I look at him, confused.
"Tennis?"
Oh, right. I shrug, give him the sign for "just a little," by pinching my fingers together and squinting.
The van is winding through my neighborhood, past the plush lawns of the Main Line. I've never really fit in here. There were barbecues and cocktail parties, and millions of those other little checkbook parties where women gather to drink wine, eat chocolate, and muster an unhealthy adoration for candles or wicker baskets or educational toys. There was one sex-toy party, but it's strange how, after enough stiff Main Line conversation, vibrating pearl dildos can seem as boring as vanilla-scented tea lights.
There are friends, still, but not the kind I ever wanted. In fact, when things started to go wrong, I was happy to leave before they started phoning in with their alarmed condolences. I didn't want their sincere sympathy and I certainly didn't want the fake sympathy de
signed to get me to hand over the inside scoop, which would then hiss around the neighborhood. I was angry at Artie. For the betrayal, but also for the wounded pride. I was the fool. I didn't appreciate having the role forced on me. I wondered what Artie told his women about me. I existed in those relationships he had, but I was absent, unable to defend myself. What version of me appeared? The obstacle, the shrew, the dimwit? There are only so many choices for the cheated-on wife to become—none of them good.

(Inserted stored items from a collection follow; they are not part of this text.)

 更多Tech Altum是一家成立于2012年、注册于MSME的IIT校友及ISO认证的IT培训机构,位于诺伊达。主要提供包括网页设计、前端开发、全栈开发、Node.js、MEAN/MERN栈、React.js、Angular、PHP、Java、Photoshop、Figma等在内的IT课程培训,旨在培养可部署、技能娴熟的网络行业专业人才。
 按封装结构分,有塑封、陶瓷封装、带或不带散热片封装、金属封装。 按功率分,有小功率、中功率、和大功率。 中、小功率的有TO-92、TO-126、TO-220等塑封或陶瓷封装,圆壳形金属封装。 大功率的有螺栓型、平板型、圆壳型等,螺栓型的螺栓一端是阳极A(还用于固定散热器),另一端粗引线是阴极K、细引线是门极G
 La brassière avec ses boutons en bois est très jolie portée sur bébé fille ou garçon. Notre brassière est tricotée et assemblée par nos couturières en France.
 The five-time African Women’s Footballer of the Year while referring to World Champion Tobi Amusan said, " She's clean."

We round the corner and I know that if I look up I'll see the house. I'm not quite ready. Artie and I had gone halvsies on the house. He'd wanted to pay for it outright, but I'd insisted. It was my first house and I wanted to feel like it was really mine. My mother thought I was insane to storm off and leave Artie there. My mother has policies on how to divorce well. She told me, "When leading up to a divorce, the most important thing is to stay in the house— and it doesn't hurt to hide some of the expensive finery, either. If you can't find it, how can you divvy it up? Become a squatter. I always stay and stay until the house is mine." I told her that I didn't want the house and I didn't want to hide finery. But she hushed me like I was being blasphemous—"Don't say things like that! I raised you better"—as if my reluctance to be a squatter in my own house were a social flaw, like not writing thank-you letters or wearing white shoes after Labor Day.

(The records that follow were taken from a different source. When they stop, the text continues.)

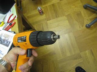 電動ドライバ用のナットビットを使おうとしたが、このボルトはかなり薄くできているので、入り口の面取り部分で逃げてしまう。
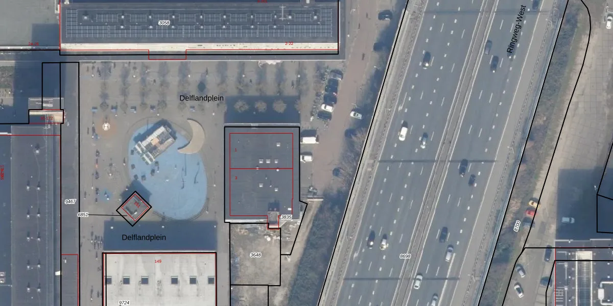 Het perceel waarop Delflandplein 93 staat heeft een oppervlakte van 14,3 ha. Dit is een zeer groot perceel. De perceeloppervlakte wordt geregistreerd door het Kadaster. Gedetailleerde informatie over de maten van dit perceel kunt u vinden in het rapport Kadastrale kaart met maatvoering van Delflandplein 93.
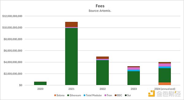 如果把Ethereum及其模塊化生態(tài)的市值加在一起看,情況會發(fā)生變化。2023年,Ethereum模塊化基礎(chǔ)設(shè)施Tokens產(chǎn)生的價值與整個Solana的價值差不多,都是500億美元。但在2024年,這些Tokens的整體表現(xiàn)不如Solana。此外,這些Tokens的收益主要歸團(tuán)隊和早期投資者所有,而非ETHTokens持有者。
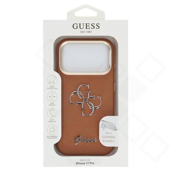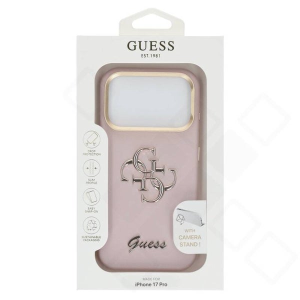 Guess 4G Logo Stand Case für iPhone 17 Pro – PU Grained
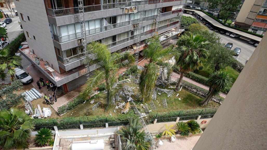 Las primeras informaciones apuntan a que el derrumbe de Benidorm se produjo cuando los trabajos en la obra ya habían finalizado y se estaba llevando a cabo el levantamiento de la estructura del andamio en vertical. Por causas que aún se investigan, la instalación cedió, provocando la caída de los operarios.
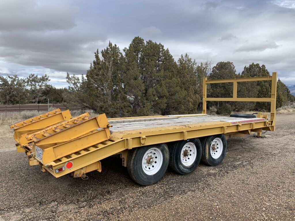 Completely redone in 2018 by an equipment shop, 21k gvw triple axle with brakes on all wheels, changeable pintle hitch equipment trailer with extra heavy duty doubled deck boards for tracks, is perfect for around a D4 size dozer, 16’ deck plus 3’ dovetail with 6’ folding ramps, asking $5,700 obo NO SCAMMERS!!
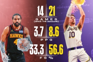 文森特出场14次,场均3.7分,投篮命中率33.3%,三分25%,罚球100%(湖人时期,场均4.8分,命中率34.6%,三分36.9%)。
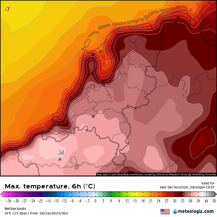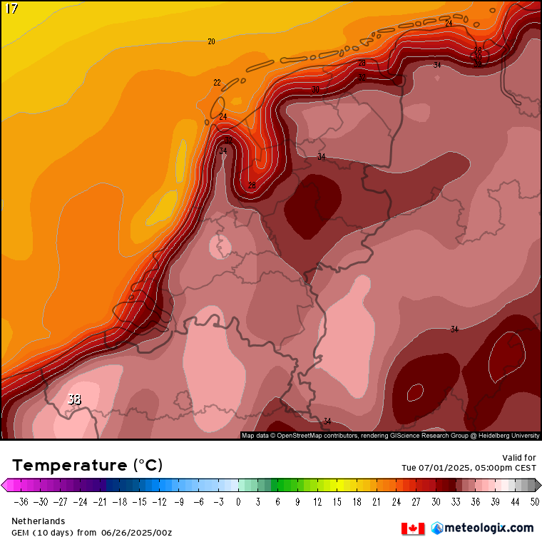 GEM laat temperaturen zien van 33-38°C op dinsdag
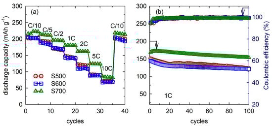 (a) Cycling stability curves at different C-rates and at (b) 1C for the S500, S600, and S700 samples.
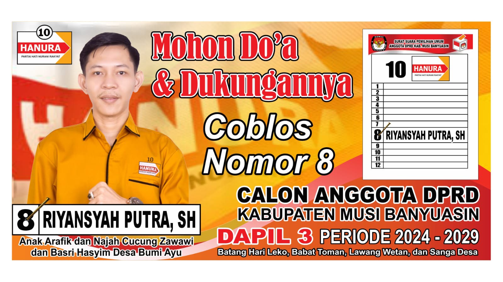 “Suport Sistem dalam menghadapi Pemilu Tahun 2024 ini adalah Perkuat Doa, dan Restu dari Keluarga agar kita diberikan proses yang lancar,” kata Riyan, Rabu (24/1/2024).
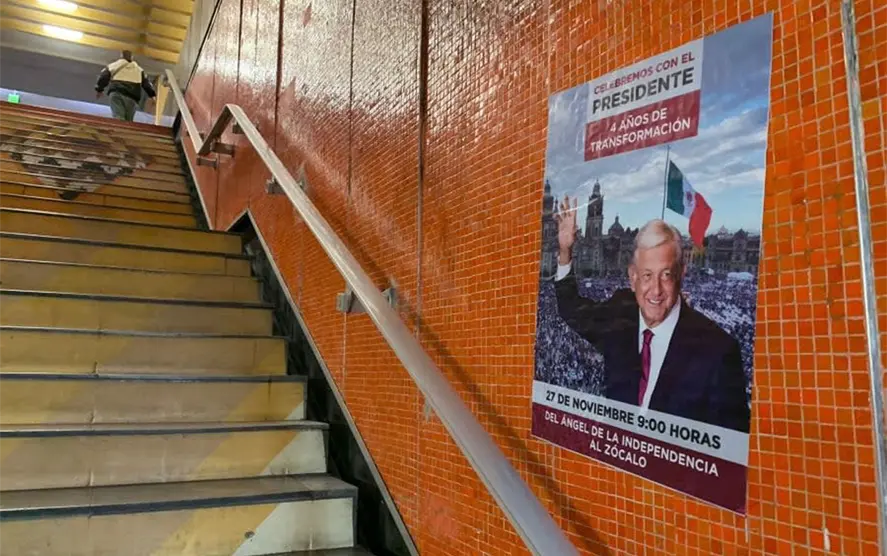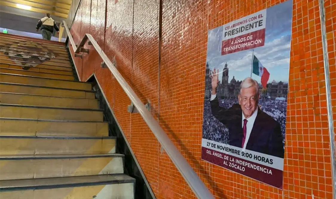 “Hay mucha gente que quiere apoyar al presidente, son cuatro años de transformación, cuatro años de que no domina la oligarquía en México, pues hay mucha gente que quiere celebrar y acompañar al presidente el próximo domingo y seguramente, pues, está convocando”, apuntó el dirigente de Morena.Piden al Metro CDMX quitar propagandaDiputados locales del PAN solicitaron al director general del Metro, Guillermo Calderón, retirar la publicidad de Morena en donde se invita a marchar el próximo domingo, ya que esto, dijeron, es un delito electoral por una posible promoción personalizada innecesaria.
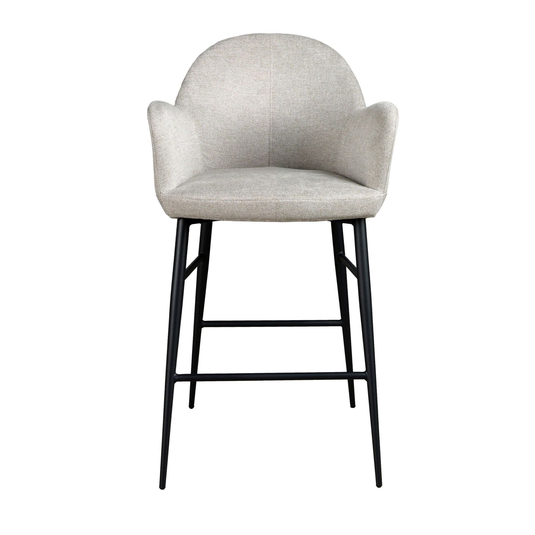 Табурет с подлокотниками в современном дизайне с сиденьем и спинкой, обитыми светло-серой тканью. Его ножки из нержавеющей стали, окрашенные в черный эпоксидный цвет, с авангардным, но вневременным стилем сделают его обязательным предметом на вашей кухне или в столовой. Этот табурет от Angel Cerdá сочетает в себе уникальный и индивидуальный стиль бренда, а также высочайший комфорт и устойчивость благодаря высокому качеству обивки и оригинальной конструкции ножек.
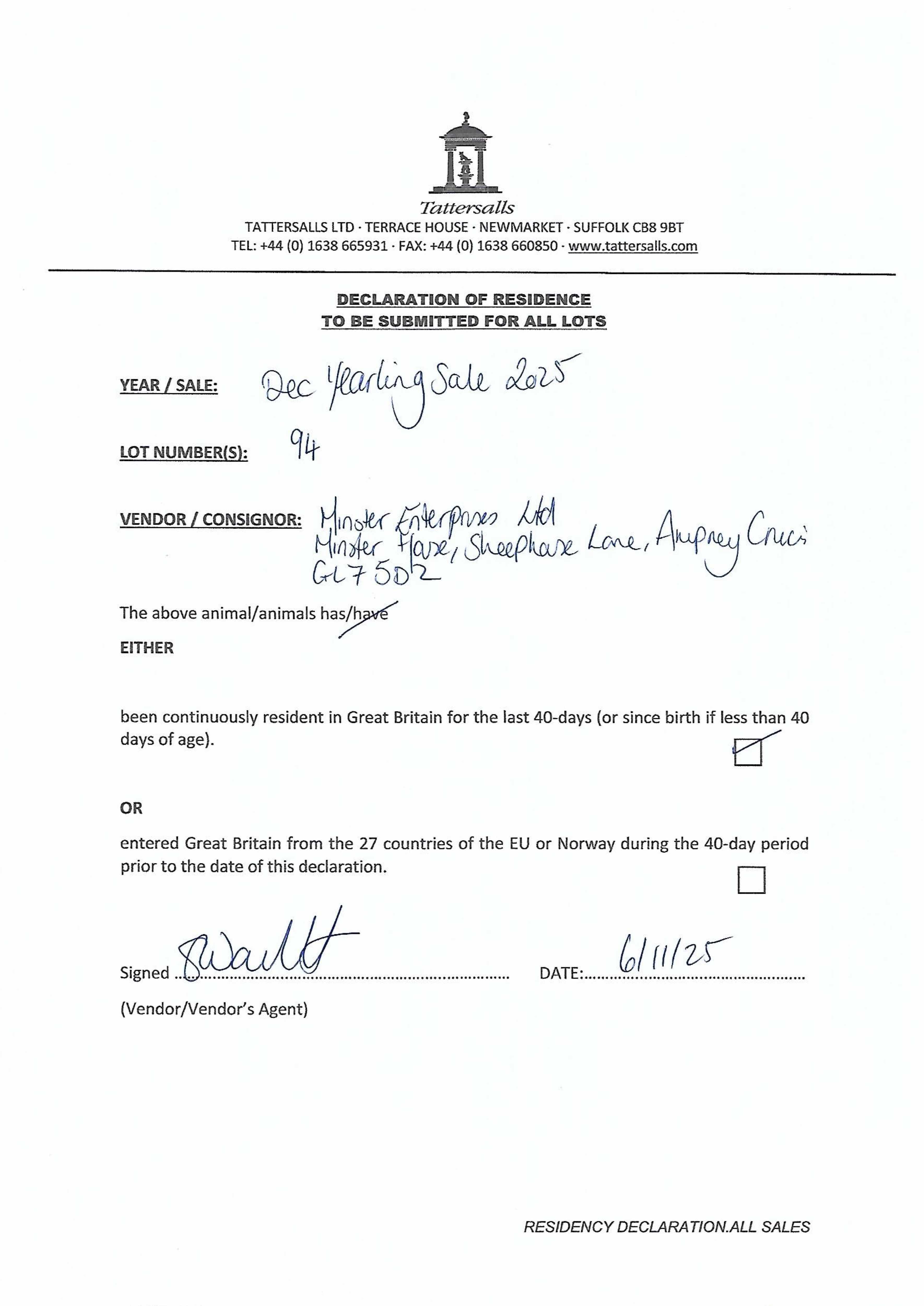 October Yearling Sale, Book 2 2024 lot 884 F. by Saxon Warrior (JPN) 2023, Minster Enterprises Ltd.=>Vendor 38,000 gns

It's been almost six months now, and I'm not sure what kind of monumental change I'm expecting, but as the airport shuttle van pulls in the driveway, I'm surprised that I recognize the house at all. Did I expect it to fall into immediate disrepair? Artie had fallen into immediate disrepair, it seemed. The heart infection was detected just a few weeks after I left. The timing was suspicious from the get-go. I'd always thought it was a prank, a plea for sympathy, but now it seems more like his sickness is my fault. I lean forward in the van to pay the driver, and, despite the fact that we're strangers, I have the overwhelming urge to tell him Artie broke my heart. I didn't break his. I restrain myself.